The Moon’s Trick, Young In Hong

Ned Carter Miles

Many things in art are matters of transposition. Figurative painting is a conversion of three dimensions into two, sculpture is in part the translation of a thing from one material to another, conceptual and performance art are about ideas manifested in matter and gesture. Through each of these transformations, some essence of the original subject remains, but information is inevitable lost and gained as a function of the media used. In the case of Young In Hong, who held her first solo exhibition, “The Moon’s Trick,” at a British public institution at the Korean Cultural Centre UK, the prominent use of embroidery in her practice brings much to her subjects as they are transformed into works of art.

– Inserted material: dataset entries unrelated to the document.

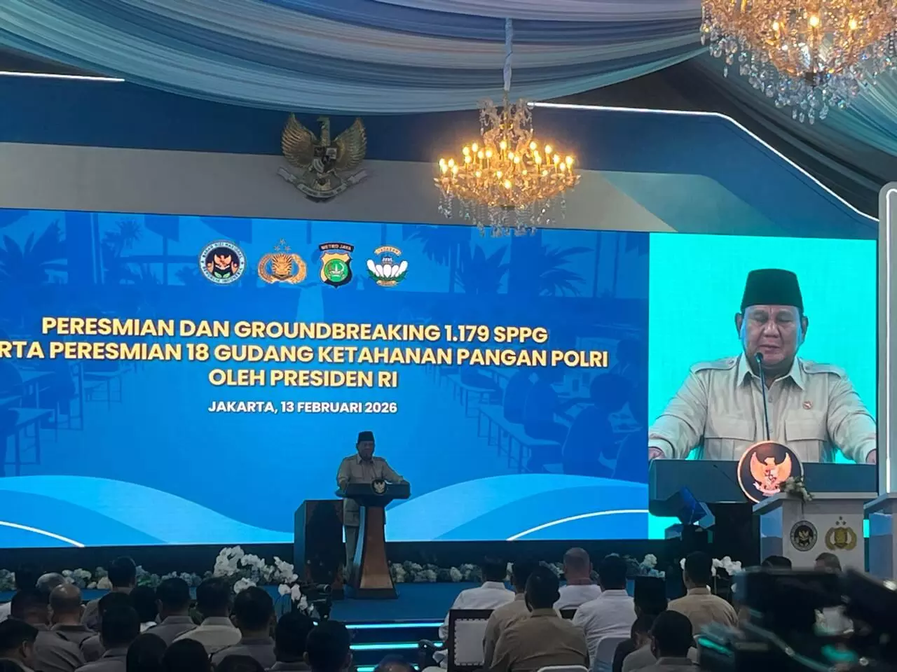 Presiden Prabowo Subianto menghadiri peresmian dan groundbreaking 1.179 Satuan Pelayanan Pemenuhan Gizi (SPPG) serta peresmian 18 gudang ketahanan pangan Polri di Kantor Polsek Jakarta Barat, Jumat (13/2/2026).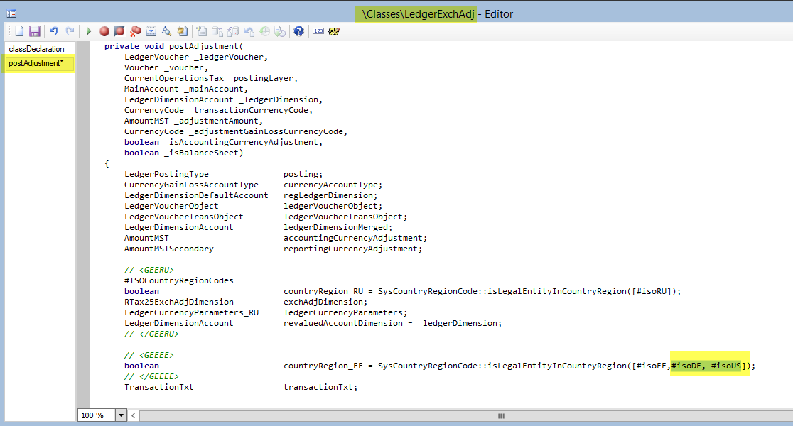 Im dritten Schritt findet eine Erweiterung der „LedgerExchAdj“ Klasse auf die Länder Deutschland und USA statt.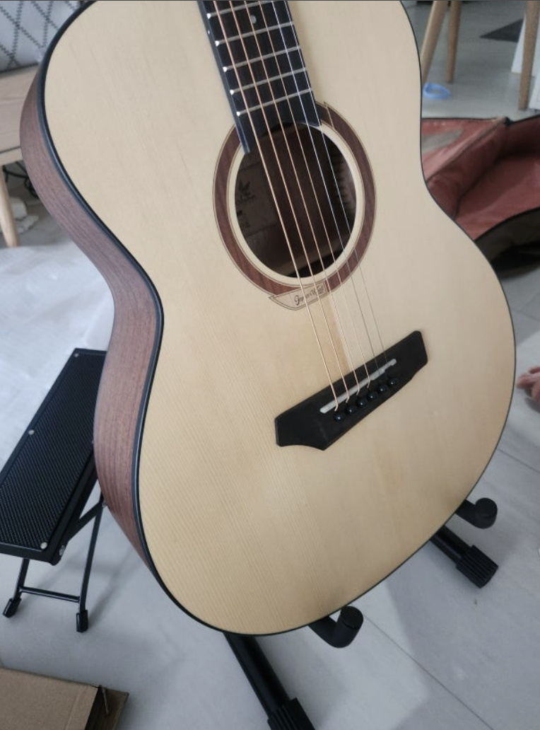 일단 포장상태가 매우 좋았습니다. 기타백 안에 안전하게 잘 포장되어 도착했네요. 세팅 섬세하게 잘 봐주신느낌 이 들고 생각보다 덩치는 작은게 소리는 꽤 우렁차게 잘 내주네요. 편하게 앉아 작곡이나 어디 놀러갈 때 간편하게 휴대용으로 사용할 용도로 구매했는데 너무 만족스럽네요. 고퍼우드 제품은 처음 사용해보는데 소리나 품질, 마감상태 까지 너무 맘에 드는 제품이네요.
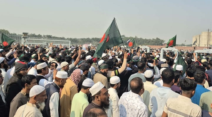 শনিবার (২০ ডিসেম্বর) দুপুর ২টায় জাতীয় সংসদের দক্ষিণ প্লাজায় শহীদ শরীফ ওসমান হাদির নামাজে জানাজা অনুষ্ঠিত হওয়ার কথা রয়েছে। জানাজায় অংশগ্রহণ করতে সকাল থেকেই মিছিল নিয়ে বিভিন্ন রাজনৈতিক দলের নেতাকর্মী এবং সাধারণ জনগণ সংসদ ভবন প্রাঙ্গণে জড়ো হচ্ছেন।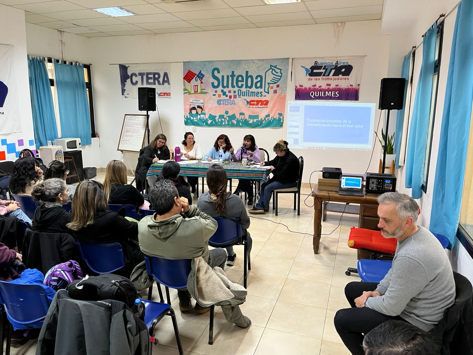 En cada encuentro a lo largo del territorio bonaerense, debatimos cuestiones como la sobrecarga laboral, el derecho a la desconexión y la adecuación de la planta orgánica funcional, priorizando la tarea pedagógica, entre otros aspectos que contribuyen al mejoramiento de las condiciones laborales.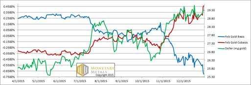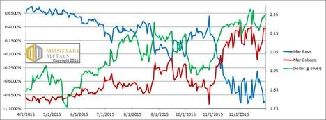 For each metal, we will look at a graph of the basis and cobasis overlaid with the price of the dollar in terms of the respective metal. It will make it easier to provide brief commentary. The dollar will be represented in green, the basis in blue and cobasis in red.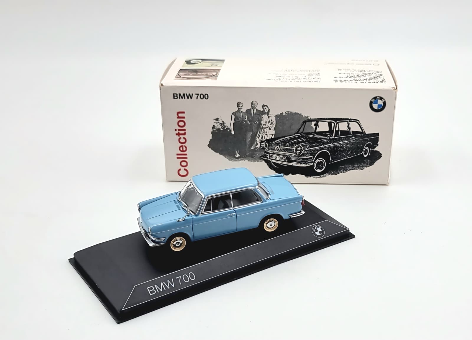Macheta auto la scara 1:43 realizată de Minichamps reproduce fidel legendarul BMW 700, un model clasic compact și emblematic al anilor ’60. Finisajul albastru elegant și detaliile atent redate fac din această machetă o piesă valoroasă pentru colecționarii de miniaturi BMW și pasionații de automobile istorice.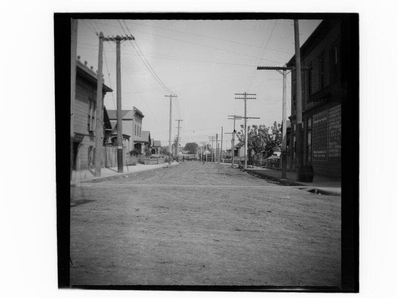Image of an intersection at Alvarado Street and Ocean View Avenue (street names visible on corner sign) in the Westlake Park neighborhood of Los Angeles, California, with a Mission Revival house on the corner and oil wells in the background. Street railroad tracks can be seen in the dirt road. There are sprinklers and a man with a hose watering the lawn on the corner.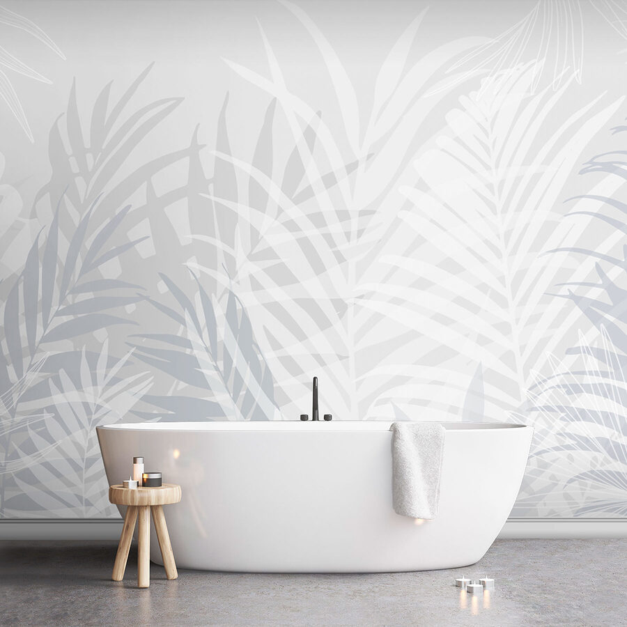 Transformeer je ruimte met deze prachtige muurschildering met een serene grijze en witte achtergrond, speels versierd met tere blaadjes. Het is alsof je de rust van een bos naar je woonkamer brengt. Stel je voor dat je wakker wordt en het gevoel hebt dat je omringd bent door de natuur – zonder de vogelconcerten in de vroege ochtend. Deze muurschildering is ideaal voor wie houdt van een minimalistische sfeer maar toch een vleugje tropische sfeer wil, en past moeiteloos in elk interieur. Perfect voor het creëren van een gezellige leeshoek of een chique eethoek. Wie wist dat planten zo relaxed konden zijn? Absoluut betoverend!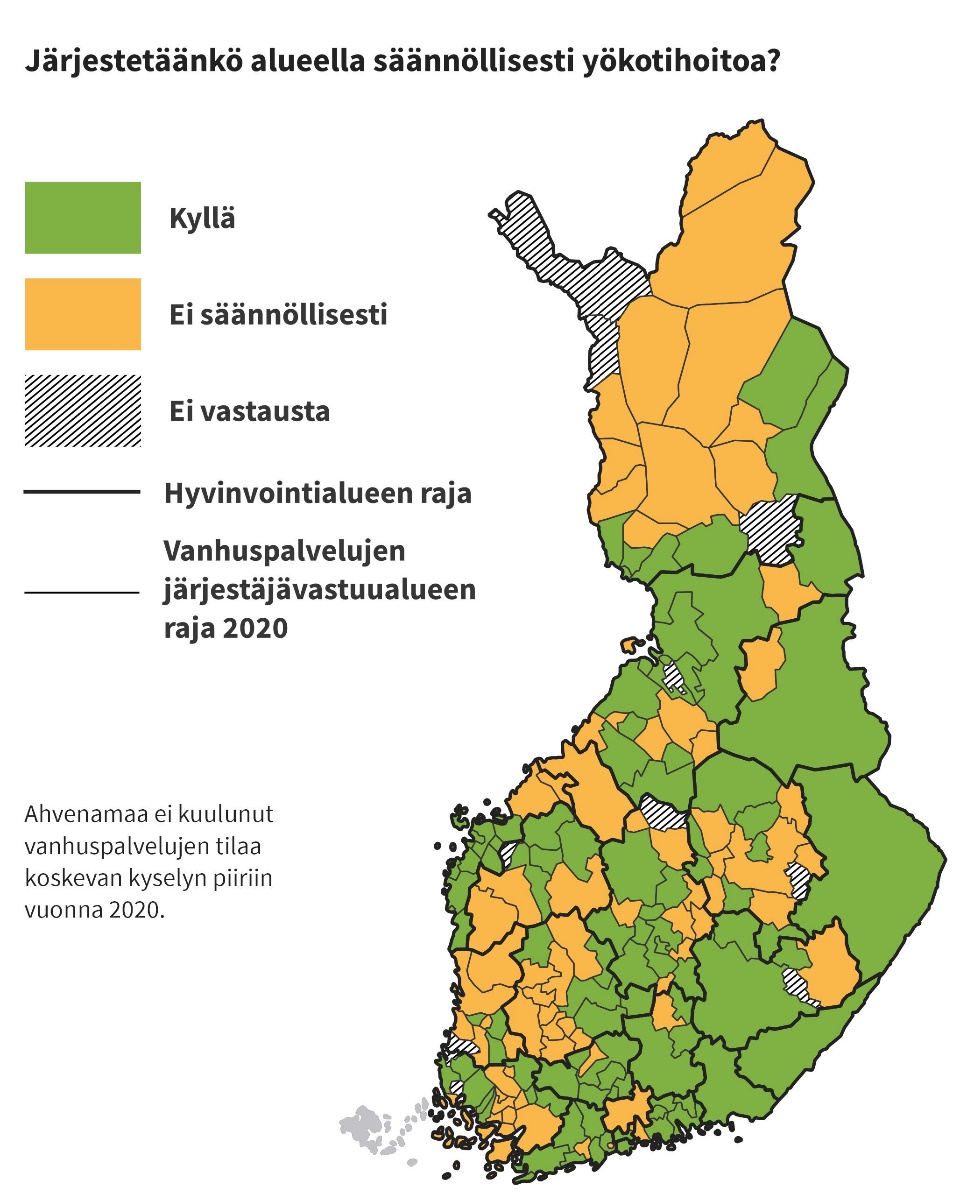 Ikääntyneen väestön ja iäkkäiden henkilöiden sosiaali- ja terveydenhuollon palvelut järjestetään ensisijaisesti ja pääosin yleislakien eli sosiaalihuoltolain ja terveydenhuoltolain nojalla. Ikääntyneen väestön toimintakyvyn tukemisesta sekä iäkkäiden sosiaali- ja terveyspalveluista annettu laki (vanhuspalvelulaki) ei sisällä säännöksiä palveluista lukuun ottamatta lain 12 §:ssä tarkoitettuja hyvinvointia edistäviä ja ennaltaehkäiseviä palveluja. Yksittäisistä palveluista säätämisen sijaan laissa velvoitetaan kunnat yleisemmin tukemaan ikääntyneen väestön hyvinvointia, terveyttä, toimintakykyä ja itsenäistä suoriutumista sekä turvaamaan iäkkäiden henkilöiden tarvitsemat sosiaali- ja terveyspalvelut kunnassa ja huolehtimaan iäkkään henkilön palvelutarpeiden selvittämisestä ja niihin vastaamisesta. Lisäksi laissa säädetään iäkkäille henkilöille järjestettävien palvelujen laadun varmistamisesta.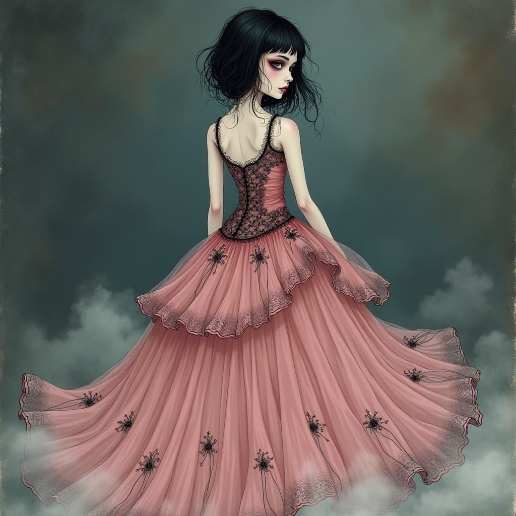 A gothic girl with pale skin and dark makeup is dressed in a flowing pink Victorian gown. The image evokes a dark, mystical aesthetic with dreamy watercolor elements and bold comic art lines.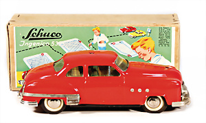 21 cm, Blech, Uhrwerk intakt, bespielt, Stoff am Verdeck etwas verschlissen, Windschutzscheibe defekt, sonst guter Zust.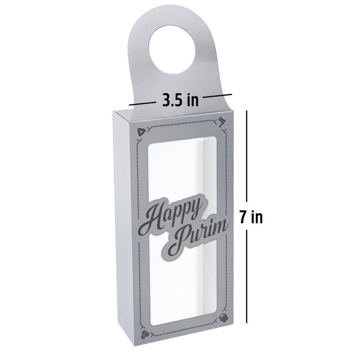 The Purim Wine Hanger Box is the perfect addition to your Mishloach Manot gift! Measuring 3.5x7 inches, this box features a clear window front and is foil-stamped with a "Happy Purim" message. Top off almost any bottle with these bottle hanger boxes for uniquely decorative shaloch manos.

Representative of much of the work from Hong’s ten-year career, several of the older pieces on display were based on photographs, and were particularly marked by the intensity of labor that went into their creation. Burning Love (2014), composed of viscose rayon threads and cotton, is a meticulously embroidered image in oversaturated blue, orange, yellow and red portraying the crowd from a candlelit demonstration held in Seoul in 2008, where participants are marked by thousands of dots of light. The manifestation was in response to a government decision to reverse a ban on US beef imports, and represented one of the most important democratic events in Korea’s modern history, seeing thousands take to the streets. It was notoriously underreported in mainstream media at the time, with little energy spent to document it, and so there is something poetic about the extraordinary amount of work that has gone into consolidating the moment here.